- **Work to be completed**: Copy nothing but the lines from the one containing "Permabond ET5428 y" through the last line of the records, repeated exactly and without pictures.

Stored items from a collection

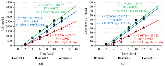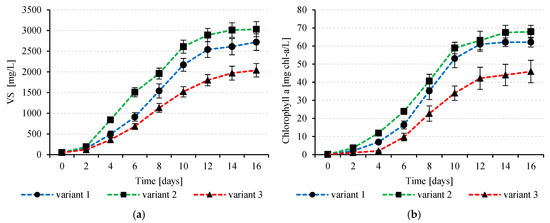 Changes in the biomass concentration of T. subcordiformis, expressed as VS (a) and Chl-a concentration (b), during cultivation as a function of the experimental variant.
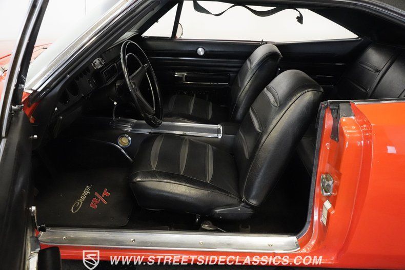 Inside, the Charger offers a beautifully restored, factory-style interior that exudes vintage authenticity. The vinyl interior is clean and well-maintained, with door panels, seats, carpet, and headliner all presenting in excellent condition and showing only slight signs of age. A full floor console adds to the classic muscle car experience, while the mid-dash section reflects the vehicle's history with character. The interior promises comfort and style true to the original design, ideal for those who appreciate period-correct details.
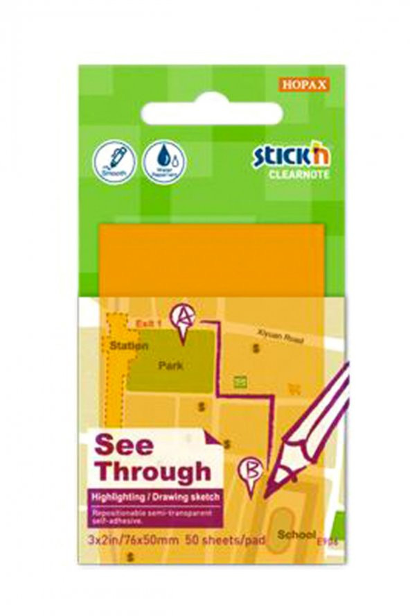 Hopax Stickn 21706 Yapışkanlı Not Kağıdı Yarı Saydam 50 Yaprak 76X51 Mm Neon Turuncu
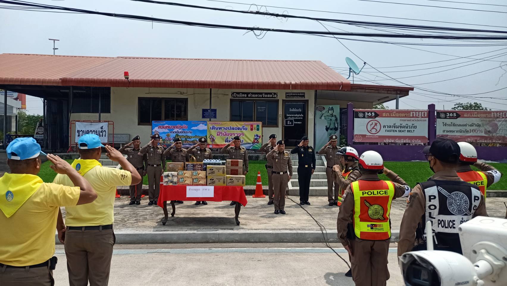 พร้อมกันนี้ ได้มอบสิ่งของเพื่อเป็นขวัญและกำลังใจ ให้แก่เจ้าหน้าที่ตำรวจผู้ปฏิบัติ
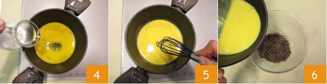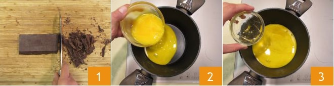 Pour préparer la mousse au chocolat, commencez par hacher le chocolat noir 2 et transférez-le dans un bol. Passez à la crème anglaise : dans une casserole antiadhésive, versez les jaunes d'œufs 2 et le miel 3.
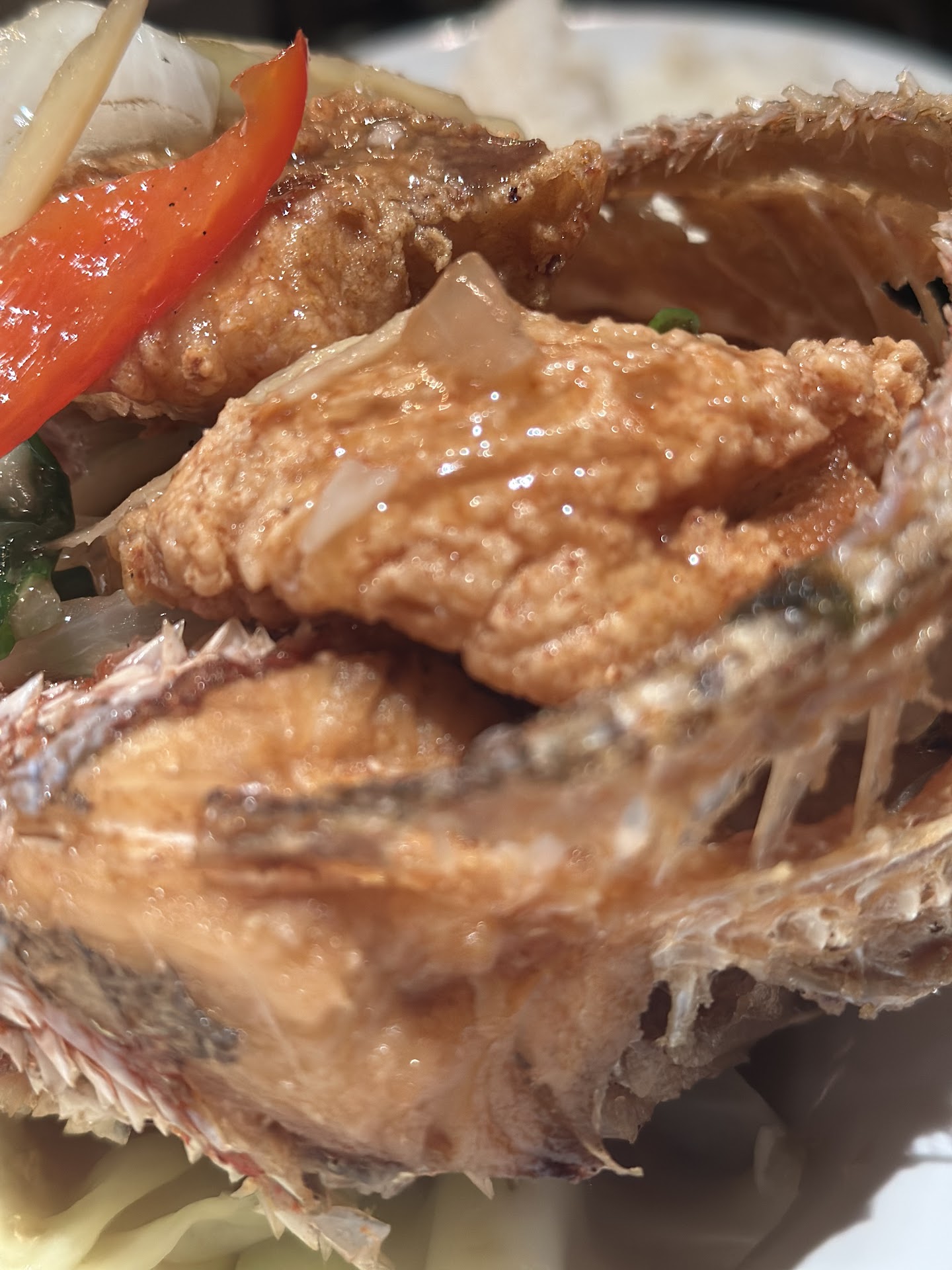They have a wide selection of appetizers/starters as well as main course and deserts. We usually select a few options and share…Some of our favorites are the Pretty Package, Satay Chicken and for the main the Ginger or Three Flavor Snapper-all snappers are just yummy!
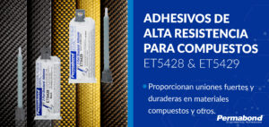 Permabond ET5428 y ET5429 son adhesivos epoxídicos bicomponentes de alta resistencia, formulados para unir sin fisuras materiales compuestos. Los
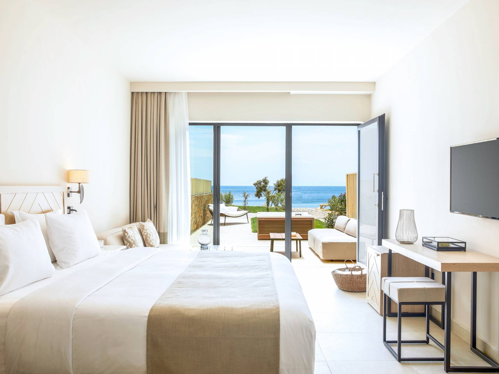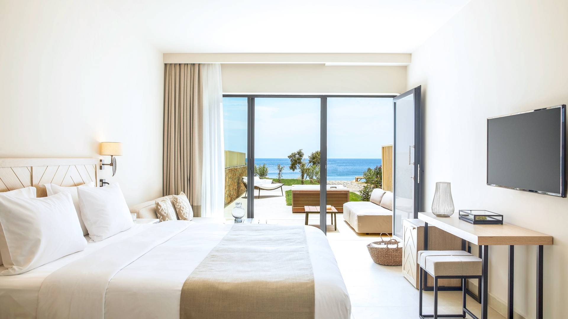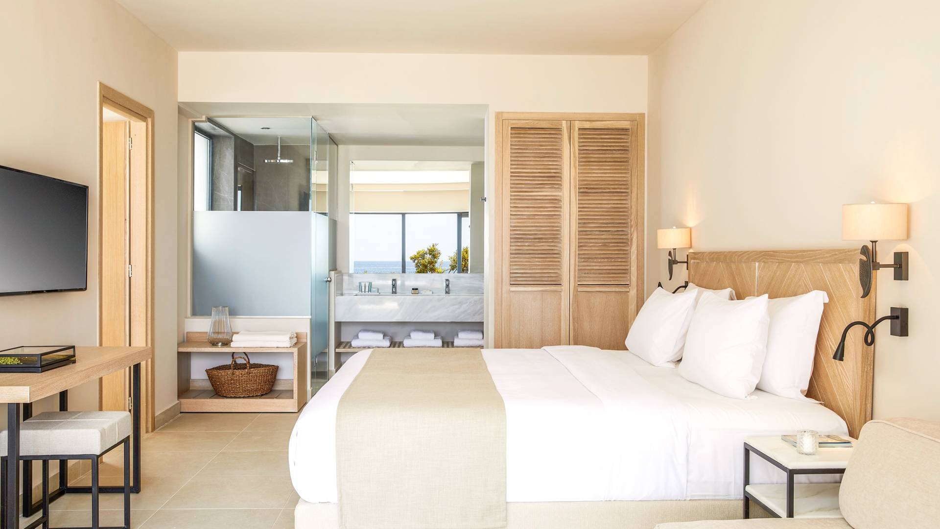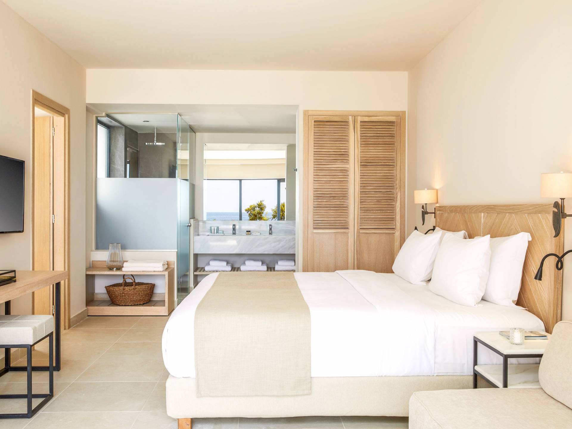 Μια σουίτα 86 m2, ευρύχωρη και πολυτελής, εκλεπτυσμένη και κομψή, μια σπάνια ταίριασμα υψηλής αισθητικής και λειτουργικότητας, με έμφαση στις ευθείες γραμμές, το λευκό χρώμα, τα ανοίγματα του ηλιακού φωτός, τις χρωματικές αποχρώσεις και μια επιλογή από υφάσματα και έργα τέχνης. Οι εξωτερικοί και εσωτερικοί χώροι της σουίτας αλληλοσυμπληρώνονται παρέχοντας ένα αξιοσημείωτο περιβάλλον ευεξίας και χαλάρωσης.

- **Task answer**:
 Permabond ET5428 y ET5429 son adhesivos epoxídicos bicomponentes de alta resistencia, formulados para unir sin fisuras materiales compuestos. Los
 Μια σουίτα 86 m2, ευρύχωρη και πολυτελής, εκλεπτυσμένη και κομψή, μια σπάνια ταίριασμα υψηλής αισθητικής και λειτουργικότητας, με έμφαση στις ευθείες γραμμές, το λευκό χρώμα, τα ανοίγματα του ηλιακού φωτός, τις χρωματικές αποχρώσεις και μια επιλογή από υφάσματα και έργα τέχνης. Οι εξωτερικοί και εσωτερικοί χώροι της σουίτας αλληλοσυμπληρώνονται παρέχοντας ένα αξιοσημείωτο περιβάλλον ευεξίας και χαλάρωσης.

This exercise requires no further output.